The first key step in creating the ability to build high availability systems from open-architecture building blocks is to identify what those building blocks are. Each building block will provide one part of the overall technology stack in a high availability computer system. Ideally, each building block will be independent of the others so that multiple, competing products can be marketed for each building block, with interoperability between the building blocks enabled by the adoption of common interfaces for common services.
Since there is a well developed model for open-architecture building blocks in traditional (i.e., not high availability) systems, it is natural to begin there. This model has clearly defined building blocks for hardware platforms, operating systems, middleware packages (e.g., communication protocol stacks, database systems), and application software. High availability systems are built out of this same set of technology, with the added requirement that managed redundancy somehow be a part of the overall system.
A major technology differentiation of high availability systems is the inclusion of configuration and fault management functions. As described earlier, this requires the detection, diagnosis, isolation, recovery, and repair of faults anywhere they could result in the failure of the high availability system. The approach taken by the HA Forum is to define this function as an incremental addition to the existing open-architecture model for computer systems.
Thus, a single, new building block has been defined, called management middleware. This is defined as a set of configuration and fault management capabilities which are independent of any particular hardware platform, operating system, or other technology building blocks. While it is possible for operating system vendors, hardware platform vendors, or application software vendors to provide this new capability, defining it as a standard, portable function with standard interfaces to the other building blocks which make up a high availability system maximizes the ability to mix and match technology building blocks throughout the system.

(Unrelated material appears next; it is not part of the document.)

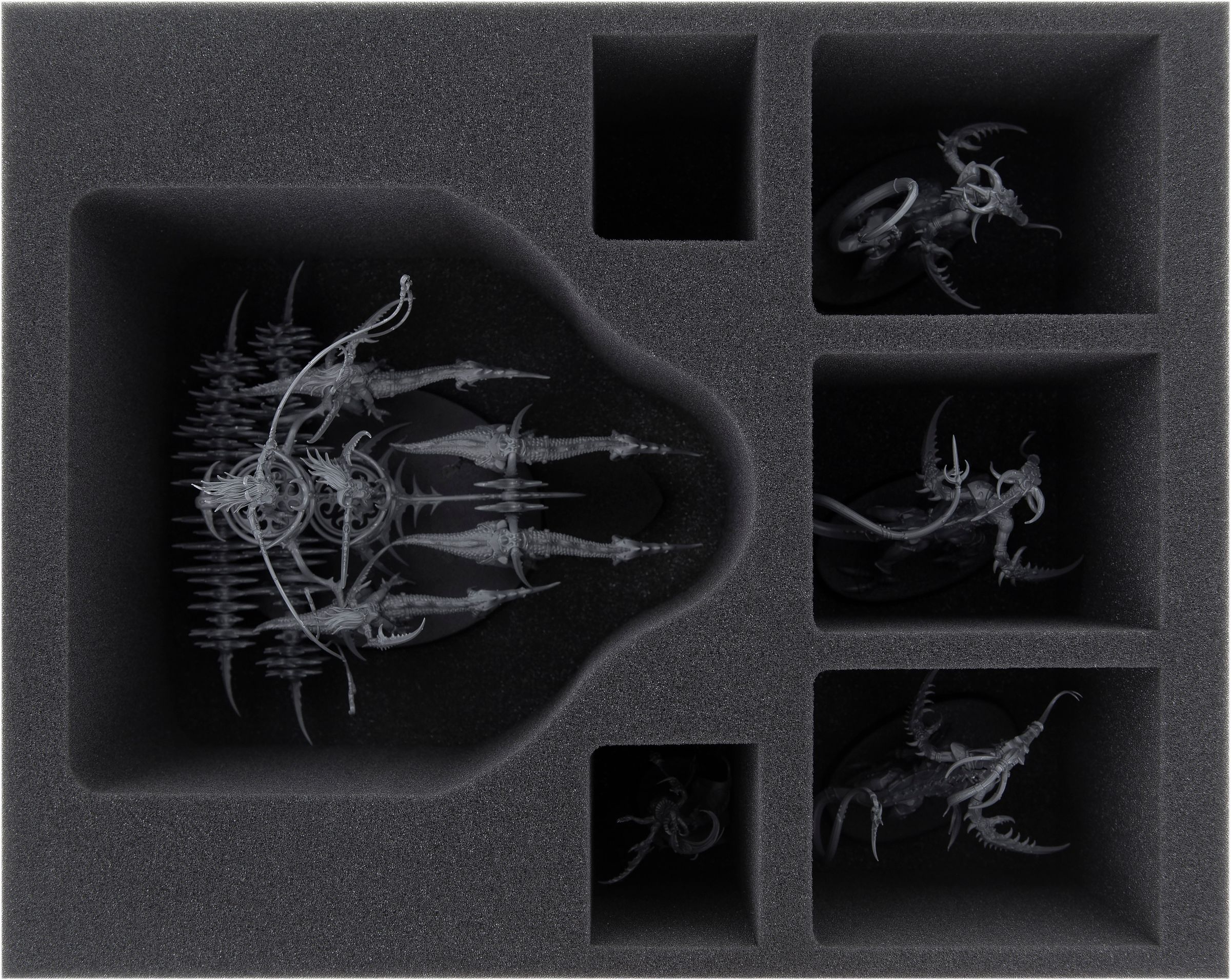 - 1 Full-Size foam tray with 5 compartments for e.g. 1 Keeper of Secrets or Shalaxi Helbane + larger miniatures like Infernal Enrapturess, Fiends, Daemonettes, Banner Bearer, Musicians (FSMEOG135BO)

Figure 13 depicts the technology building blocks that should be available from multiple, competing sources if high availability systems can be built from open-architecture technology. In this figure, each shaded block represents a piece of technology (building block) which is relevant to building high availability systems, and identifies (by the wide gray arrows) interfaces which are relevant to high availability capabilities. Ideally, each building block could have multiple, competing sources, and be exchanged without impacting other building blocks. In reality, this ideal is not likely to be met perfectly; but, the more similar the interfaces are between building blocks, the more open the system becomes.
The remainder of this section will describe each of the building blocks and interfaces depicted in Figure 13.
The hardware platform consists of the entire set of hardware, firmware, etc., normally provided by a hardware system vendor, ready to support an operating system like Windows or Linux. For the purposes of building a high availability system, of particular significance is the platform
management infrastructure which permits fault-management operations on the components in the hardware.
The small boxes within the hardware platform box indicate that a further degree of open architecture is desired within the hardware of a system. In addition to providing a platform that supports the right interfaces to operating system and other building blocks, open systems also provide a capability to integrate multiple, third-party peripheral cards, power supplies, and potentially other components. Thus, the interfaces between these components, as well as the interface between them and other vendor-specific features in the hardware platform, need standardization. Again, in particular for high availability systems, management interfaces are important considerations for standardization within the hardware platform.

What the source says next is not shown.